Last year, the state mining company Diamo launched a survey of closed gold mines in Zlate Hory in the north of the Czech Republic. "The geological survey will last three years, and the results will be used to determine the conditions under which the gold deposit near Zlate Hory can be exploited," Ludvik Kaspar, the director of Diamo, told the Czech news agency CTK.
"The study should provide the government with up-to-date information on the possibility of exploiting gold reserves and their concomitants," Stepanka Filipova, a spokeswoman for the Ministry of Industry and Trade, told the high-circulation daily MF Dnes. Here, too, several tons of gold are said to lie buried underground.
"I will make the case for the project to resume mining to go ahead," Czech president Milos Zeman told CTK some years ago.
With the Zlate Hory mine, the assumption is that, if mining is resumed, the gold-bearing rock would be sent abroad for further processing, meaning that no extraction of gold involving highly toxic cyanide would be done in the Czech Republic.
In the Czech Republic, gold mining would be profitable with the use of cyanide, but without cyanide its profitability is questionable.
But for Richard Brabec, the current environment minister, renouncing cyanide is an essential requirement for the resumption of gold mining in the Czech Republic.
"For us, it is absolutely inconceivable and unacceptable that gold mining should in future be done by leaching — that is, by chemical processing," Brabec said on Czech television. "The only other option is deep mining," he continued, referring to mining involving shafts sunk 1.5 kilometers or nearly a mile below ground.
"But I hope that gold will remain hidden underground as the riches of our country for decades to come," Brabec concluded.
Czech economist Lukas Kovanda believes profitability factors are behind the decision to hold back from gold mining
However, Czech economist Lukas Kovanda, a member of the government's National Economic Council in Prague, believes the lack of haste in the resumption of gold mining reflects mainly economic factors.
"Gold mining is not yet profitable again, so no one is in a hurry to resume it," Kovanda told DW. "If things were different, they would have started mining gold again in the Czech Republic long ago."
The example of lithium, often referred to as "white gold," is illuminating.
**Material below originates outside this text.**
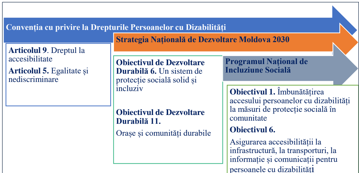
Figura 1. Cadrul Strategic de analiză
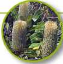
OLD MAN BANKSIA

Trauma asociado con el fuego, calor, quemaduras de sol. Miedo al fuego, llamas y objetos calientes. Reduce los aspectos negativos del fuego y de los rayos solares, rejuvenecimiento.

In recent years, large lithium deposits were discovered near Cinovec in the Ore Mountains, close to the border with Saxony in Germany. It is estimated to be the largest lithium deposit in Europe, with about 60% on the Czech side of the border and about 40% on the German side.
In March, Karel Havlicek, Czech deputy prime minister and minister of industry and trade, announced that with the help of the partly state-owned energy company CEZ, he had succeeded in gaining control over mining in the majority of the Czech Republic's deposits.
A CEZ spokesperson, Roman Gazdik, told the online portal of the MF Dnes newspaper that mining could start in 2025, after which it would be possible to mine 1.8 million metric tons of lithium ore per year.
An estimated 4% of the world's lithium reserves are located in the earth beneath the Czech Republic — 140,000 million metric tons near Cinovec alone. Lithium is a strategic raw material with great potential — among other things, it is needed for the manufacture of batteries.
But lithium mining also presents pollution hazards, so environmental considerations could come into play there as well.